Member of the Nebraska Legislature from the 9th district
- In office January 5, 1977 – August 7, 1979
- Preceded by: John Cavanaugh
- Succeeded by: Ray Powers

Personal details
- Born: March 5, 1922 Omaha, Nebraska
- Died: August 7, 1979 (aged 57) Omaha, Nebraska
- Party: Democratic
- Spouse: Marilyn Brogan ​(m. 1949)​
- Children: 8 (Patrick, Kathleen, Mary Clare, Susan, Dennis, Theresa, Kevin, Mary Frances)
- Education: Centre College, Creighton University

= Bill Brennan (Nebraska politician) =

American politician (1922–1979)

William E. "Bill" Brennan (March 5, 1922 – August 7, 1979) was a Democratic politician from Nebraska who served as a member of the Nebraska Legislature from the 9th district from 1977 until his death in 1979.

==Early career==
Brennan was born in Omaha, Nebraska, and graduated from Omaha South High School in 1940. He later attended Centre College and Creighton University, and served in the U.S. Air Force during World War II. He worked as an elevator construction worker, and joined the International Union of Elevator Constructors in 1948, and was elected president of the Nebraska AFL-CIO in 1972. He was re-elected in 1977 after his election to the legislature.

==Nebraska Legislature==
In 1976, State Senator John Cavanaugh opted to run for Congress rather than seek re-election.
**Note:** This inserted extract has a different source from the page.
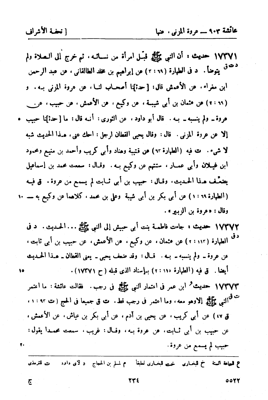 ت فيه (الطهارة 63) عن قتيبة وهناد وأبي كريب وأحمد بن منيع ومحمود بن غيلان وأبي عمار، ستتهم عن وكيع به. وقال: سمعت محمد بن إسماعيل يضعِّف هذا الحديث، وقال: حبيب بن أبي ثابت لم يسمع من عروة.

Brennan ran to succeed him in the 9th district. He faced a crowded primary, and ultimately placed first, receiving 30 percent of the vote to insurance agent Sam Howell's 30 percent and teachers' union executive Pat Shafer's 25 percent. Brennan and Howell advanced to the general election. Brennan defeated Howell, winning 55–45 percent.

==Death==
Brennan died on August 7, 1979, several weeks after emergency surgery for an aneurysm.